Performance SWEEP - Letters to Hannah Arendt and Tristan  


    performance Sweep

    The most primitive experiences connected with shame are related to sight and being seen: inappropriately, by the wrong people, in the wrong condition, at the wrong moment. The reaction is to cover oneself or to hide. Guilt, by contrast, is rooted in hearing - the sound of oneself or the voice of judgement.   It is difficult for us to speak about the complex notions of guilt and shame, because they are tied up with matters we so desperately want to conceal - sweep away - from our minds and our sight.
Yet, despite our efforts, feelings of guilt and shame show themselves in the ways we behave.
 

    In a 60 minutes performance, three performers respond to silences, whispers, accords, discords and two fictive letters.

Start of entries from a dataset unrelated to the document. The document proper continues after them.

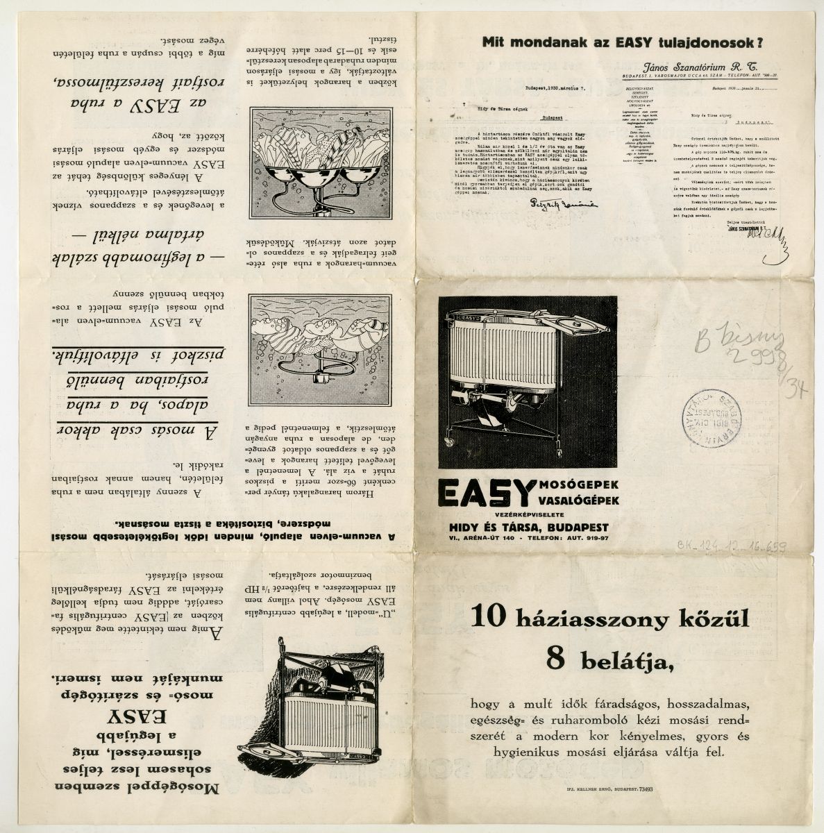 Easy mosógépek vasalógépek vezérképviselete Hidy és Társa, Budapest, VI., Aréna út 140. Telefon: aut 919-97. Mit mondanak az Easy tulajdonosok? (Dícsérő levelek a cégnek-halvány)
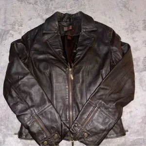 Sophisticated leather jacket by Danier. Features a classic design with zippered cuffs. Perfect for any occasion.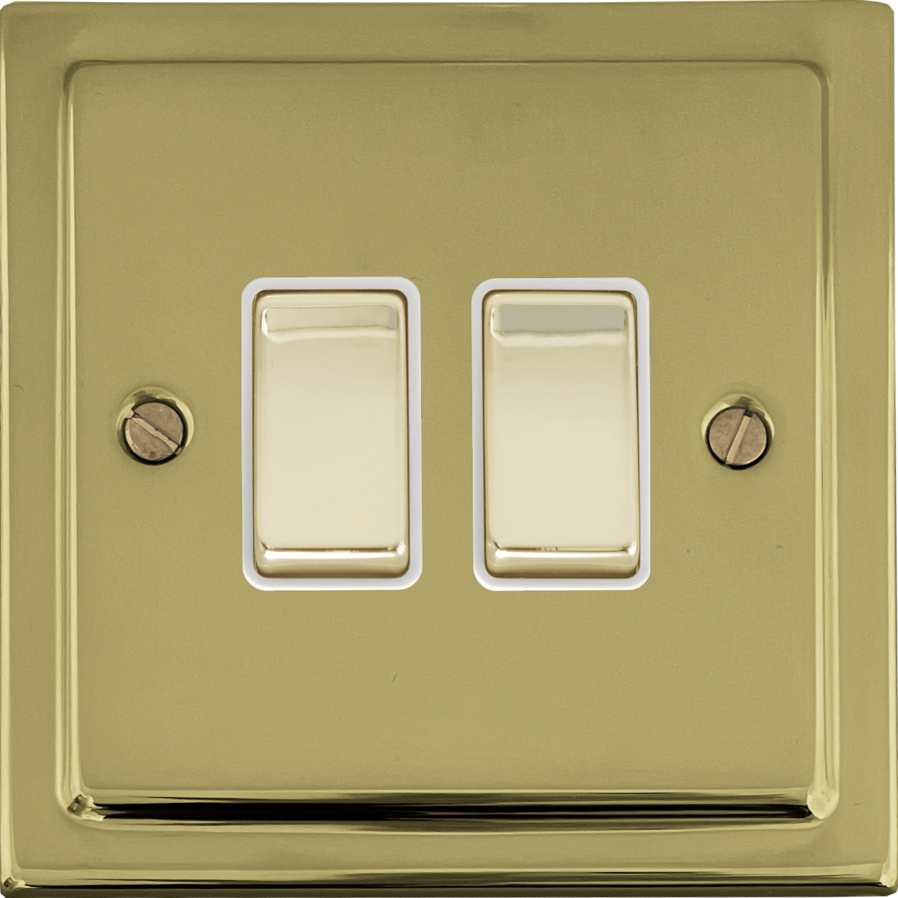 Polished Brass Light Switch (2 Gang/Brass Switches/White Inserts) VI.202.B

Their movements are not extensively rehearsed, but reveal themselves for the most part spontaneously. To what extent is this performance a creative process, a construction of (cultural) conditioning or an expression of failure? During the performance the public will be actively addressed to take on a different perspective. After each intervention, the performers redetermine their positions and exercises in ‘becoming oneself’. The extensive bodily movements will slowly exhaust the players, amounting to more intensified expressions.
  With performance SWEEP visual artist and philosopher Tine Wilde offers us an exiting and at times humorous insight into the notions of guilt and shame which for a large part shape our decisions. She lets us experience in what ways these complex feelings lead up to distorted judgments, how we subsequently get entangled until we discover alternative different points of view and choose a new route.
For this performance Tine Wilde has teamed up with artistic director Mime, Amsterdam University of the Arts Loes van der Pligt, and performers Erwin Dörr, Gale Rama and Dennis Tiecken.
 

  premiere
22 October 2015
  SWEEP - Letters to Hannah Arendt and Tristan. Performance in Project space H401 (Castrum Peregrini), Herengracht 401, Amsterdam.